### Input data
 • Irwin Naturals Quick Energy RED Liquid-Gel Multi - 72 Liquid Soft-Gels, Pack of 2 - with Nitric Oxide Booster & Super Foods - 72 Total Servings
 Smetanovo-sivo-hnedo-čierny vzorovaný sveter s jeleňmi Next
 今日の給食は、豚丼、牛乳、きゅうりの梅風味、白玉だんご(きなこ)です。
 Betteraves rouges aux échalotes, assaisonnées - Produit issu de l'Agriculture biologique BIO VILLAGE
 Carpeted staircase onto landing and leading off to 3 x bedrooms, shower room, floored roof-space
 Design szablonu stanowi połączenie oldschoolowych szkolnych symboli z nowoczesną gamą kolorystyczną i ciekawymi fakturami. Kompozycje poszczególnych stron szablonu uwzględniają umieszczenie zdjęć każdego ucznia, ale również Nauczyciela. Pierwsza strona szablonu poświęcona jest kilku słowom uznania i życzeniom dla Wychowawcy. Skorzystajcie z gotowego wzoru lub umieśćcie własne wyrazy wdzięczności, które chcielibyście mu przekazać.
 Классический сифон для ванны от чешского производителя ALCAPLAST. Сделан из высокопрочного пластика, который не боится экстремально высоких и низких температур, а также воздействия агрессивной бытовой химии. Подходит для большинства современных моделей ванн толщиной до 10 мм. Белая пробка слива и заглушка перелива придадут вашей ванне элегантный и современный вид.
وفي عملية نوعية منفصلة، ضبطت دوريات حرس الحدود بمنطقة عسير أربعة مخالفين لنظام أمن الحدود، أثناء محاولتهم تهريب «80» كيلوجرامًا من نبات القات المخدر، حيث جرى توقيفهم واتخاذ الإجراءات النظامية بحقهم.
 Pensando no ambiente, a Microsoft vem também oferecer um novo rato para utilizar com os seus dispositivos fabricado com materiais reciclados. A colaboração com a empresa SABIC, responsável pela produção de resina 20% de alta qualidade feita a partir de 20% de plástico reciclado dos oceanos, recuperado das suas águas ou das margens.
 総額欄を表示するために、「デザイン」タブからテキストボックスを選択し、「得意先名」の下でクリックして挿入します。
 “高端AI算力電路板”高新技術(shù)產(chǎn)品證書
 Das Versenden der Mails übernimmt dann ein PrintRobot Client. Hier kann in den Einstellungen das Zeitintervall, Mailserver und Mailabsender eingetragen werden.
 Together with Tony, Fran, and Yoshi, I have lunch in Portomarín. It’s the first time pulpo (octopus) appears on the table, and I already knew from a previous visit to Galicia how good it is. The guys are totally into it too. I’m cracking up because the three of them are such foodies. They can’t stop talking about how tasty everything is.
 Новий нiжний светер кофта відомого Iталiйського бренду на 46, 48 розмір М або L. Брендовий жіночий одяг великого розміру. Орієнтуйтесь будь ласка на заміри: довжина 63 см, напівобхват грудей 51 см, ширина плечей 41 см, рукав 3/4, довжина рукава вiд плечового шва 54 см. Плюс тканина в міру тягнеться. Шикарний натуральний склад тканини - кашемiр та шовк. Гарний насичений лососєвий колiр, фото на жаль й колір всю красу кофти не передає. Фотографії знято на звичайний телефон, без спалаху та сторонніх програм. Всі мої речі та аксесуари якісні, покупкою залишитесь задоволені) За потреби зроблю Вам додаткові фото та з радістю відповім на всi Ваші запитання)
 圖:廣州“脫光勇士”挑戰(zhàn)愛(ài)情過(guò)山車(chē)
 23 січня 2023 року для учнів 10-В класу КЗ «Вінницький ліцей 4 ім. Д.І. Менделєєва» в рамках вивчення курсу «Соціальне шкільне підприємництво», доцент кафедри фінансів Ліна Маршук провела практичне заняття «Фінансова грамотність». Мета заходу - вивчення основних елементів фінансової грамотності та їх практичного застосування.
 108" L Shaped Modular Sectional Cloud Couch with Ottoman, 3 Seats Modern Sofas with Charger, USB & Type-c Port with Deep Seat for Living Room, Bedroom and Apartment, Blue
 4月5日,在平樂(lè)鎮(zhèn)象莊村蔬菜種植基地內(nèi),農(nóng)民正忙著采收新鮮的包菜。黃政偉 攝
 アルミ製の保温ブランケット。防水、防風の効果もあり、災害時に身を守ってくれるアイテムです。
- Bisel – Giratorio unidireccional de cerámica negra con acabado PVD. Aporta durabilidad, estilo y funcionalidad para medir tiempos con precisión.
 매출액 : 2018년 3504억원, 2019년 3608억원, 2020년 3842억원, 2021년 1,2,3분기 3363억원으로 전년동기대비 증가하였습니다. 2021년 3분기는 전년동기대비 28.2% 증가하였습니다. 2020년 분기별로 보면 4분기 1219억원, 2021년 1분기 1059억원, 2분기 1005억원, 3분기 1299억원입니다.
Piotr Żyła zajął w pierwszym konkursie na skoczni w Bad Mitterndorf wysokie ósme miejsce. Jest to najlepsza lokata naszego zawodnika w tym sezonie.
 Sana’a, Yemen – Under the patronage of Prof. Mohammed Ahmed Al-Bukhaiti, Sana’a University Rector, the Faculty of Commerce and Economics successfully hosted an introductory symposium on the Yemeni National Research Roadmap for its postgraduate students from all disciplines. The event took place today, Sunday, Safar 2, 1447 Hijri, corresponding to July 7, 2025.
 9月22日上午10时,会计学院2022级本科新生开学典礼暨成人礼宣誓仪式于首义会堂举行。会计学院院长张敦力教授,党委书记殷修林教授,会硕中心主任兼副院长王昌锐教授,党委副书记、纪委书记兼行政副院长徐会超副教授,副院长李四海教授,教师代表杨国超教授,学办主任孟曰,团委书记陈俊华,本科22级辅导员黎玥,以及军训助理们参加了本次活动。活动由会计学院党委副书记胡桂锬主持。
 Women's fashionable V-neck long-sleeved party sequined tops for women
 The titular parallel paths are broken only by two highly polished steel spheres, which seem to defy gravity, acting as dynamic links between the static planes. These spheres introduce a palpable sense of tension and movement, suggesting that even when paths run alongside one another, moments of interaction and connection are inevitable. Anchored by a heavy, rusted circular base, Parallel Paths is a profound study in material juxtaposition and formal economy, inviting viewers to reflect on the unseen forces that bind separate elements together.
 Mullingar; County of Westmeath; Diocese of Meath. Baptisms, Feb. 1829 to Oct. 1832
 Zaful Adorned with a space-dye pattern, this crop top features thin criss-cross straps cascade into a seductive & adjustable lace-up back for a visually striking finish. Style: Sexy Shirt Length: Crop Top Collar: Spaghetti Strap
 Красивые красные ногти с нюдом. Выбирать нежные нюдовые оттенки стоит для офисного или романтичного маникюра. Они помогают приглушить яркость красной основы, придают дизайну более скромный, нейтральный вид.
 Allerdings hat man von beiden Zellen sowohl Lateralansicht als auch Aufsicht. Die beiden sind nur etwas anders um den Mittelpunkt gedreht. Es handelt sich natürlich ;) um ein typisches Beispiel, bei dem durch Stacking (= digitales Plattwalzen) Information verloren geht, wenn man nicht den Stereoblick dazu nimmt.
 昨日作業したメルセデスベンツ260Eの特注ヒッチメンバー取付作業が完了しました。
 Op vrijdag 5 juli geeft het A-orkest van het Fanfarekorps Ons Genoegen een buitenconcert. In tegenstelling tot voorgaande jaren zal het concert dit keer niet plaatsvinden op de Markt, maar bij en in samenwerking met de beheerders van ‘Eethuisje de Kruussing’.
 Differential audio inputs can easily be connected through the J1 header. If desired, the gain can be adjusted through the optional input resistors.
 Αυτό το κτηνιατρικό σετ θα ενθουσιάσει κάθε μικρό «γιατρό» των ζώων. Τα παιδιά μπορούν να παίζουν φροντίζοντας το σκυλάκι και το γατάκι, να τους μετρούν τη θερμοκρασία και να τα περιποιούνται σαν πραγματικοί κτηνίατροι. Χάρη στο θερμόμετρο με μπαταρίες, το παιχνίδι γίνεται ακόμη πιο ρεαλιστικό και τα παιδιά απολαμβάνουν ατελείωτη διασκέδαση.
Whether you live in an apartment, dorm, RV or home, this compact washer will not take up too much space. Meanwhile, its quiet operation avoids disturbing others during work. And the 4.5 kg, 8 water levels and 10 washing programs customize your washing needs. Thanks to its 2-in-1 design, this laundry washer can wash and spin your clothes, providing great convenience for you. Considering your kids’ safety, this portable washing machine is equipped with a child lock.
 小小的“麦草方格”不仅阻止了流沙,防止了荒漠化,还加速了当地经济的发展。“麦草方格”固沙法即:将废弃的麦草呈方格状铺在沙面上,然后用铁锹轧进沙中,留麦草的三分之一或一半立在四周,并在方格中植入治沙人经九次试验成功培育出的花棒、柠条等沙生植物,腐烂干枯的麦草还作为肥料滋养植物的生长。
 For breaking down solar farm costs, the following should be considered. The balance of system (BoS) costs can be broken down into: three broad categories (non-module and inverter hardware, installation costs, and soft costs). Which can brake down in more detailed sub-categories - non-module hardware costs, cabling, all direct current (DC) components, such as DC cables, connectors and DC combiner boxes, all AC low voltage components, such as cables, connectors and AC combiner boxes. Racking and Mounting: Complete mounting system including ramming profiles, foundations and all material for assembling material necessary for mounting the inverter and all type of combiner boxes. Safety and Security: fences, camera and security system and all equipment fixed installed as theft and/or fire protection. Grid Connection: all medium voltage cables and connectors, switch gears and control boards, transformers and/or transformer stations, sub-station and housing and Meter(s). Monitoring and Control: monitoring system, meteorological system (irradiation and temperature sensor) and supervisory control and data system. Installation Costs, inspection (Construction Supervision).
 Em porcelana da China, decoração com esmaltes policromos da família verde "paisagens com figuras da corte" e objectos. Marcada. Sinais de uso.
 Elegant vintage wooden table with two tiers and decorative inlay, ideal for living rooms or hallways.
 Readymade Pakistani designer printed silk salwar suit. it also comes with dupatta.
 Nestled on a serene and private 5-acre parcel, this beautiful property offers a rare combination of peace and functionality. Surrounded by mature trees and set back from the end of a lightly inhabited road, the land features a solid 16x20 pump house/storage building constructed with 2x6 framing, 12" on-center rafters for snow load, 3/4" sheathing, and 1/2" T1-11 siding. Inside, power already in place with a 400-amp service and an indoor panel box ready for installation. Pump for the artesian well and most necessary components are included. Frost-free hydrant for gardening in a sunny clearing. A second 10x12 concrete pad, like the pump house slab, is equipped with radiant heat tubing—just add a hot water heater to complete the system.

### Your assignment
Please go over the data above and copy each line with "back" in it.

### Answer box
 Zaful Adorned with a space-dye pattern, this crop top features thin criss-cross straps cascade into a seductive & adjustable lace-up back for a visually striking finish. Style: Sexy Shirt Length: Crop Top Collar: Spaghetti Strap
 Nestled on a serene and private 5-acre parcel, this beautiful property offers a rare combination of peace and functionality. Surrounded by mature trees and set back from the end of a lightly inhabited road, the land features a solid 16x20 pump house/storage building constructed with 2x6 framing, 12" on-center rafters for snow load, 3/4" sheathing, and 1/2" T1-11 siding. Inside, power already in place with a 400-amp service and an indoor panel box ready for installation. Pump for the artesian well and most necessary components are included. Frost-free hydrant for gardening in a sunny clearing. A second 10x12 concrete pad, like the pump house slab, is equipped with radiant heat tubing—just add a hot water heater to complete the system.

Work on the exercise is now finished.